Still other researchers countered that argument. For example, in 2012 a team led by researchers at the University of Texas, Houston, and Rice University showed in an experiment that highly purified salt-free solutions of relatively small gold nano­particles (<10 nm) heat up in response to RF radiation (J. Phys. Chem. C, DOI: 10.1021/jp309053z).

That finding thickened the plot. If joule-type heating might not be occurring and residual ions in the nanoparticle solutions had nothing to do with the heating, how else could RF waves heat the nanoparticles?
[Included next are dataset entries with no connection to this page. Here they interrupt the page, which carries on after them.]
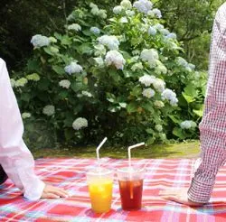 当館のミュージアムガーデンは、六甲山の自然と調和した庭をコンセプトに植栽を行い、約300種類の四季折々の木々や花々が観賞できます。西洋アジサイ、ヤマアジサイ、アメリカアジサイなど様々な種類のアジサイを植栽しており、花色もホワイトやブルーなど、各所でミュージアムガーデンを彩ります。当館内にあるシュトラウス・カフェのテラス席は、アジサイ“アナベル”や夏の花に囲まれ優雅なランチやティータイムをお過ごしいただけます。 また、カフェのテラス席以外にも木陰や水辺など暑さを避けてミュージアムガーデンでゆったりとすごしやすいこの時期、レジャーシートの貸し出しや、ドリンクメニューをテイクアウトできるサービスをご利用いただけます。
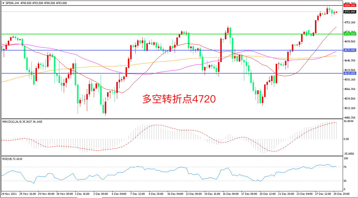 交易策略:在4720.00之上看涨,目标4800.00                           4880.00
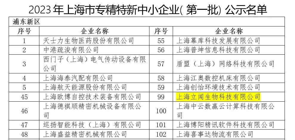 喜讯|上海立闻生物顺利通过2023年度“专精特新”中小企业认定
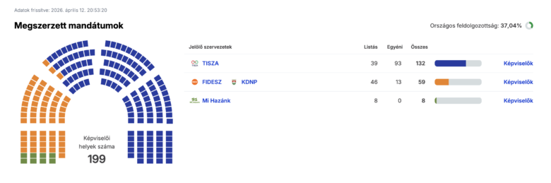 (20:56) KÉTHARMAD KÖZELÉBEN A TISZA PÁRT, MÁR 37% A FELDOLGOZOTTSÁG
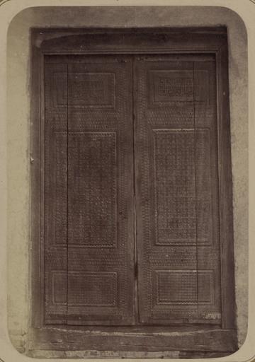 Keywords: Antiquities of Samarkand. Madrasah of Tillia Kari. Main Facade (Southern). Door to the Inner Courtyard WDL3839.png Artwork ru Богаевский иколай Владими ович 1843 1912 гг fr Bogaevskii Nikolaï V 1843-1912 en Bogaevskii Nikolai V 1843-1912 zh 亚历山大·L· ,1840-1888 年 pt Bogaevskii Nikolai V 1843-1912 ar بوغافسكي، نيكولاي ف ، 1843-1912 es Bogaevskii Nikolai V 1843-1912 ru Сама кандские д евности ед есе Тилля-Ка и Главный фасад южный Две ь во внут енний дво fr Antiquités de Samarcande Madrasa de Tillia Kari Façade principale sud Porte de la cour intérieure en Antiquities of Samarkand Madrasah of Tillia Kari Main Facade Southern Door to the Inner Courtyard zh 撒马尔罕古迹 提利娅·卡里伊斯兰教学校 主立 (南侧) 内部庭院的门 pt Antiguidades de Samarcanda Madrassa Tillia Kari Fachada principal sul Porta para o pátio interno ar آثار سمرقند مدرسة تِلْيَا كَرِى الواجهة الرئيسية الجنوبية باب يؤدي إلى الفناء الداخلي ru Эта фотог афия две и главного входа в мед есе Тилля-Ка и в Сама канде Узбекистан соде жится в а хеологической части <em> Ту кестанского альбома </em> Шеститомное фотог афическое исследование было подготовлено и издано в 1871 1872 гг под пат онажем гене ала Константина П фон Кауфмана пе вого гене ал-губе нато а 1867 1882 гг Ту кестана как называли в то в емя те ито ию Цент альной Азии п инадлежавшую Российской импе ии В альбоме уделяется особое внимание исламской а хитекту е Сама канда в том числе памятникам XIV и XV вв пе иода п авления Тиму а Таме лана и его п еемников В цент е Сама канда находится ансамбль Регистан объединяющий в себе т и основных об азца <em>madrasah</em> мед есе елигиозных школ Т етья часть Регистана мед есе Тилля-Ка и была пост оена в 1646 1660 гг на месте бывшего ка аван-са ая Вход в п ямоугольный дво об амлен ог омным <em>айваном</em> сводчатым залом с одним отк ытым концом ок уженным с т ех сто он стенами с каждой сто оны кото ого асположена двухэтажная сводчатая гале ея а фотог афии показана де евянная две ь в нише айвана Панели две и пок ыты замысловатой ельефной езьбой с геомет ическими и ботаническими мотивами Ве хние го изонтальные панели соде жат езные полосы с надписями в укописном стиле а обеих ство ках две и видны ве тикальные щели ство ки были ук еплены металлическими полосами све ху и снизу <br>А хитекту ные ук ашения и деко ативные элементы; Две и и две ные п оемы; Исламская а хитекту а; ед есе; Фотог афические исследования fr Cette photographie de la porte de l'entrée principale de la madrasa de Tillia Kari à Samarcande Ouzbékistan est extraite de l'ouvrage archéologique <em>Album du Turkestan</em> Cet inventaire photographique en six volumes fut réalisé entre 1871 et 1872 sous le patronage du général Konstantin P von Kaufman premier gouverneur général 1867-1882 du Turkestan nom donné aux territoires d'Asie centrale de l'Empire russe L'album consacre une attention particulière à l'architecture islamique de Samarcande avec notamment des monuments datant des XIV<sup>e</sup> et XV<sup>e</sup> siècles lors du règne de Tamerlan et de ses successeurs Situé au centre de Samarcande l'ensemble du Registan est composé de trois exemples majeurs de <em>madrasa</em> école religieuse Le troisième composant du Registan la madrasa de Tillia Kari fut construit entre 1646 et 1660 sur le site d'un ancien caravansérail L'entrée de la cour rectangulaire est abritée par un grand <em>aivan</em> salle voûtée dotée de trois murs et d'un côté ouvert encadré des deux côtés d'une arcade à deux étages Cette photographie présente la porte en bois située dans la niche de l'aivan Les panneaux de la porte sont recouverts de gravures en relief complexes formant des motifs géométriques et à fleurs La partie supérieure des panneaux horizontaux est décorée de bandes d'inscription en style cursif Présentant des fissures verticales le haut et le bas des deux battants de la porte ont été renforcés par des pièces métalliques <br>Décorations et ornements architecturaux; Portes et seuils; Architecture islamique; Madrasas; Inventaires photographiques en This photograph of the door of the main entrance to the Tillia Kari Madrasah in Samarkand Uzbekistan is from the archeological part of <em>Turkestan Album</em> The six-volume photographic survey was produced in 1871-72 under the patronage of General Konstantin P von Kaufman the first governor-general 1867-82 of Turkestan as the Russian Empire s Central Asian territories were called The album devotes special attention to Samarkand s Islamic architecture such as 14th- and 15th-century monuments from the reign of Timur Tamerlane and his s

Other RF heating mechanisms were known, but they didn’t seem relevant to particles of gold. For example, unlike joule-type heating, which describes the behavior of nonmagnetic metal particles, RF heating of magnetic nanoparticles such as iron oxide is well-known. In that case, heating results from a kind of friction induced by an oscillating magnetic field, which causes magnetic particles to rotate rapidly in the solvent. A related magnetic heating mechanism involves rapid flipping and realignment of the particles’ magnetic moments. But because gold nanoparticles are not magnetic, these magnetic heating mechanisms seemed unrelated to the story.
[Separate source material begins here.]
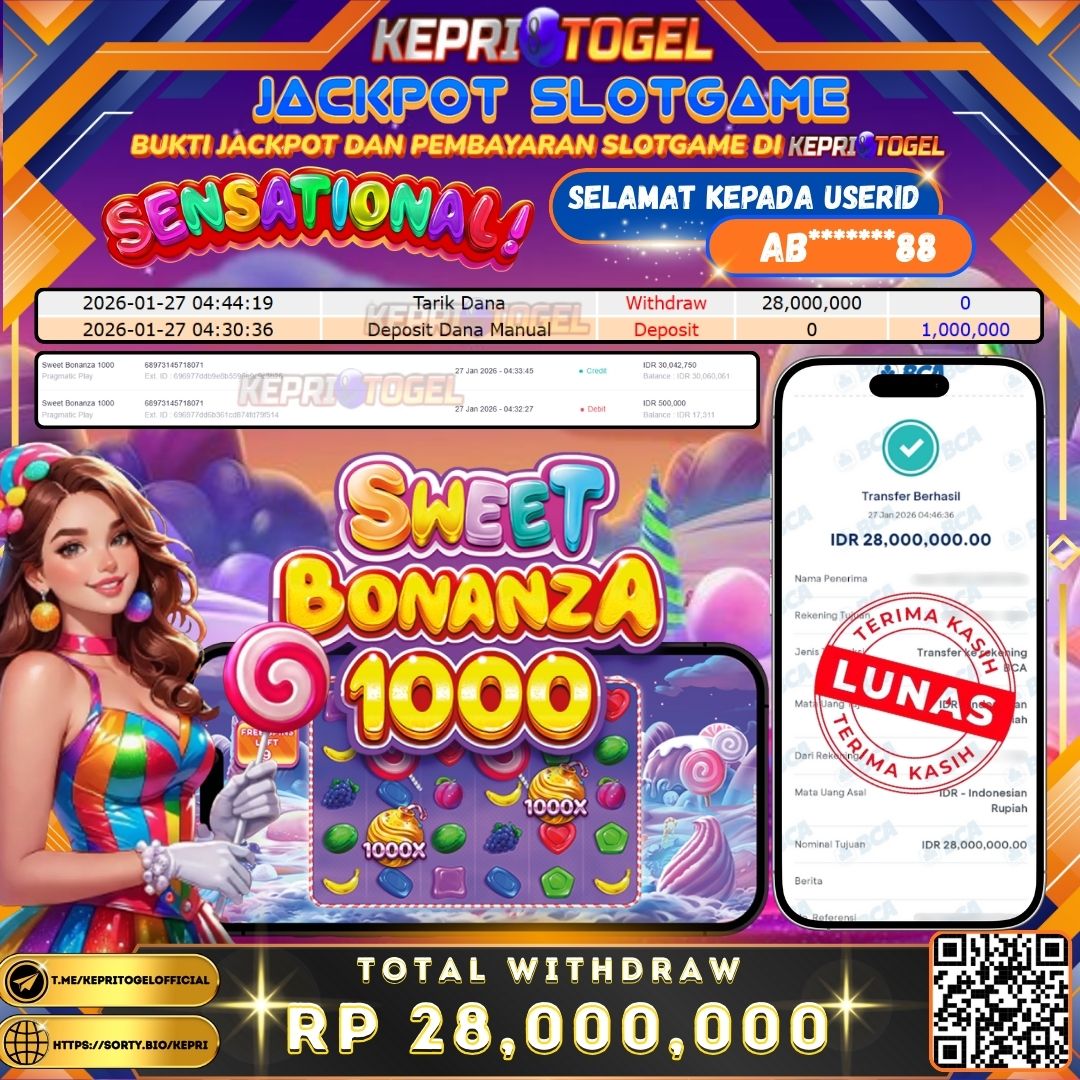 Kepritogel Jackpot Slot Sweet Bonanza 1000 Rp28,000,000

As this debate was playing out, Ackerson was puzzling over the results of his group’s first sets of experiments in this area. He and his coworkers found that they were unable to reliably heat gold nanoparticle solutions in an oscillating RF magnetic field. (The electric and magnetic components of RF radiation can be separated easily.) “Sometimes the heating worked well; other times it didn’t,” he recalls.
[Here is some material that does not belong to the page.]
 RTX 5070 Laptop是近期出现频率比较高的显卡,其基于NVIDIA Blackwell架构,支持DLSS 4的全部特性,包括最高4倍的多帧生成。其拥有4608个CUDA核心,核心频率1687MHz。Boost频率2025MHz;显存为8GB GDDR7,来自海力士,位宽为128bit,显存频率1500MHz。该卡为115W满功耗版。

Fully aware of the RF magnetic heating mechanisms, Ackerson wondered whether the irreproducibility was caused by unexpected magnetism in his gold particles. Perhaps the particles became magnetic as a result of an unintended reaction. For example, the particles may have become oxidized unintentionally by atmospheric oxygen, which his group did not deliberately exclude during nanoparticle synthesis. Or perhaps the standard reduction step used to synthesize these nanoparticles did not thoroughly reduce the particles but instead left some in an oxidized, and therefore possibly magnetic, state.

To test that hunch and pin down the gold particle heating mechanism, Ackerson’s group carried out a series of experiments that minimized variation in particle size, composition and purity of solution, and other variables that confounded this field’s earlier experiments. The team, which includes Ruthanne S. McCoy, Sam Choi, and coworkers, prepared samples of 102-atom gold clusters capped with p-mercaptobenzoic acid, a stabilizing ligand. These Au102 clusters are known as magic-number superatoms because they have a noble-gas-like closed-shell electron configuration. The aim of using these highly controlled structures was to determine if an oxidation reaction could alter the electron configuration and thereby make the particle magnetic, specifically paramagnetic.

That’s exactly what happens. On the basis of nuclear magnetic resonance measurements and other analyses, the team finds that treating the Au102 clusters with KMnO4 oxidizes the particles, alters their electron configuration, and renders them magnetic. Among other findings, the team also reports that RF waves consistently heat the oxidized gold particles and that the heating rate depends on the extent to which the samples of particles are oxidized (ACS Nano, DOI: 10.1021/nn306015c).

The results indicate that RF heating of gold nanoparticles results from mechanisms based on magnetism. The investigation also suggests that in some of the earlier studies, researchers may have unknowingly been working with magnetic gold particles, which would account for the heating.

“This is a very interesting paper,” says Massachusetts Institute of Technology’s Kimberly Hamad-Schifferli, whose group published one of the early RF heating studies. By carefully controlling the size of the cluster and its oxidation, Ackerson’s group has done a nice job showing that gold nanoparticles’ magnetic properties are responsible for RF field heating, she says.

Florida State University’s Kenneth L. Knappenberger Jr. agrees. Ackerson’s work on electronically stabilized nanostructures “represents a breakthrough,” he says. “This level of structural control could pave the way for reliable therapeutic applications of nanoclusters.”